WER Calculation
WER Formula
Word Error Rate (WER) is a metric commonly used for measuring the performance of Automatic Speech Recognition (ASR) systems.
It compares the hypothesis transcript generated by the model with the reference transcript, which is considered to be the ground truth. The metric measures the minimum number of words that have to either be substituted, removed, or inserted in the hypothesis text in order to match the reference text.
For example:
Hypothesis: the cat and the brown dogs sat on the long bench
Reference: the black cat and the brown dog sat on the bench
In the hypothesis there are:
- 1 deletion error (word "black"),
- 1 substitution error ("dogs" instead of "dog"), and
- 1 insertion error (word "long"), in a total of 11 words in the reference text.
The WER for this transcription is:
$$ WER = \frac{S + D + I}{N} \times 100 = \frac{1 + 1 + 1}{11} \times 100=27.27\% $$
WER Standardization
Before the calculation of the WER, when standardize_wer: true
in the yaml config,
the text of both hypotheses and references is standardized, so that the model accuracy is
not penalised for mistakes due to differences in capitalisation, punctuation, etc.
Currently, CAIMAN-ASR uses the Whisper EnglishSpellingNormalizer. The Whisper standardization rules applied are the following:
- Remove text between brackets (
< >
or[ ]
). - Remove punctuation (parentheses, commas, periods etc).

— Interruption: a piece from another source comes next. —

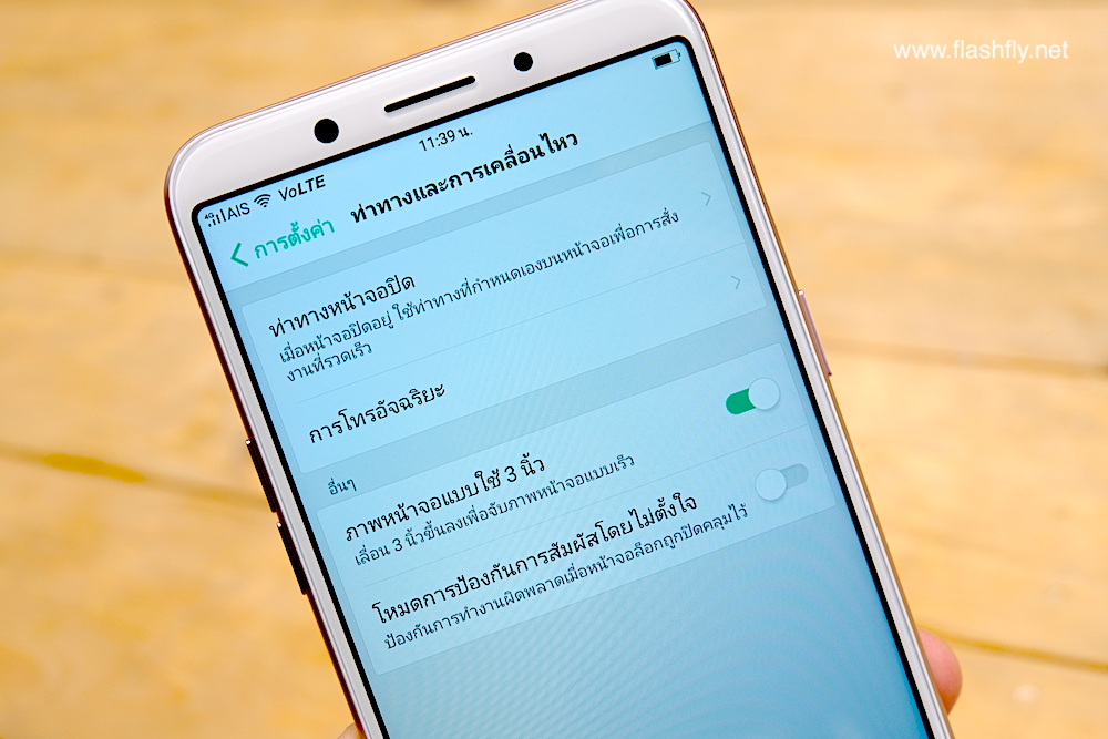 การใช้งาน Gesture ต่างๆก็มีมาให้ครบครันไม่แพ้รุ่นราคาแพงกว่าไม่ว่าจะเป็นการโทรออกหรือรับสายอัตโนมัติเมื่อวางใกล้หู การคว่ำตัวเครื่องเพื่อปิดเสียงโทรเข้า สลับจากลำโพงไปที่ลำโพงปกติเมื่อถือใกล้หู รวมไปถึงการจับภาพหน้าจอแบบรวดเร็วด้วยการเลื่อน 3 นิ้วบนหน้าจอขึ้นลงเพื่อจับภาพอย่างรวดเร็ว โหมดการป้องกัยการกดปุ่มโดยไม่ตั้งใจ

- Remove filler words like hmm, uh, etc.
- Substitute contractions with full words, e.g. won't -> will not.
- Convert British into American English spelling, e.g. standardise -> standardize. The list of words are included in the file english.json
We additionally apply the following transformations:
- Remove diacritics ("café" becomes "cafe")
- Lowercase the text
- Expand digits and symbols into words ("$1.02" becomes "one dollar two cents", "cats & dogs" becomes "cats and dogs")
- Expand common abbreviations ("Dr. Smith" becomes "doctor smith")
For example:
Hypothesis: that's what we'll standardise in today's example
Reference: hmm that is what we'll standardize in today's example
After applying the Whisper standardization rules, the sentences are formed:
Hypothesis: that is what we will standardize in today's example
Reference: that is what we will standardize in today's example
Which are identical, hence the WER=0%.